Ahí estaba, el pobre miserable, debatiéndose mediante todo tipo de fórmulas ambiguas o ambivalentes, para disimular el odio y la envidia que le generaban los cantantes de la ópera cuya crítica estaba en proceso de defecar. Por una parte, procuraba ser percibido como generoso y benevolente. Pero el demonio que lo habitaba también exigía su temps de parole, y después de un elogio sistemáticamente añadía algún reparo, más o menos velado.

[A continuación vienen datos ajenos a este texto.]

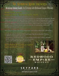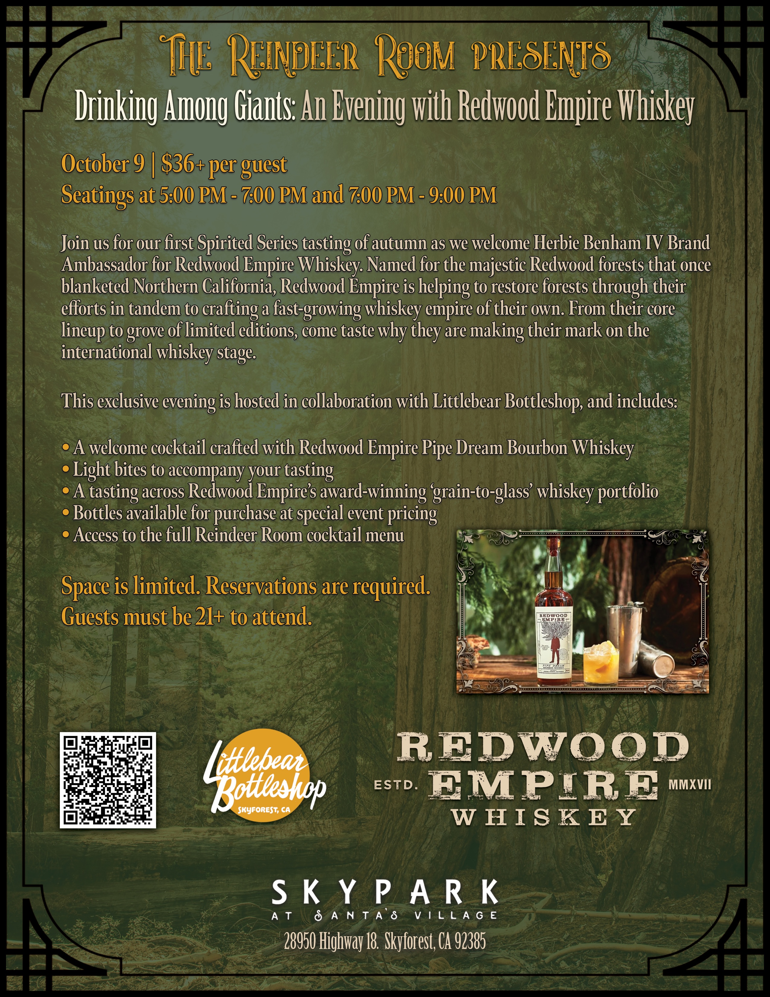 - Drinking Among Giants: An Evening with Redwood Empire Whiskey The Reindeer Room at SkyPark at Santa’s Village Thursday, October 9th | $36+ per guest Two-hour Seatings: 5:00 PM-7:00 PM & 7:00 PM-9:00 PM Join us for our first Spirited Series tasting of autumn as we welcome Herbie Benham IV, Brand Ambassador for Redwood Empire Whiskey. Named for the majestic Redwood forests that once blanketed Northern California, Redwood Empire Whiskey is helping to restore forests through their efforts in tandem to crafting a fast-growing whiskey “empire” of their own. From their core lineup to grove of limited editions, come taste why they are making their mark on the international whiskey stage. This exclusive evening is hosted in collaboration with Littlebear Bottleshop, and includes: -A welcome cocktail crafted with Redwood Empire Pipe Dream Bourbon Whiskey -Light bites to accompany your tasting -A tasting across Redwood Empire’s award-winning ‘grain-to-glass’ whiskey portfolio -Bottles available for purchase at special event pricing -Access to the full Reindeer Room cocktail menu Guests will enjoy an intimate, 2-hour experience at the Reindeer Room, guided tasting, followed by continued conversation under the stars on our outdoor patio. Space is limited. Reservations required. Guests must be 21+ to attend.

El ciclo del auto-tormento era tal, que después del escupitajo, se sentía nuevamente compelido a reparar su agresión y maquillar su inquina con un nuevo cumplido. Y era así como todas sus valoraciones –cantantes, orquesta, coro, escenógrafo, director escénico– asumían una forma ABA: elogio, reparo, elogio. Mera forma el primero. Mera bilis el segundo. Mera preocupación con su propia imagen y la ocultación de su envidia el tercero. Todo terminaba por generar una impresión cómicamente mecánica y predecible.

No era lo suficientemente magnánimo para el elogio entusiasta y franco, no era lo suficientemente valiente para la objeción frontal y descalificadora.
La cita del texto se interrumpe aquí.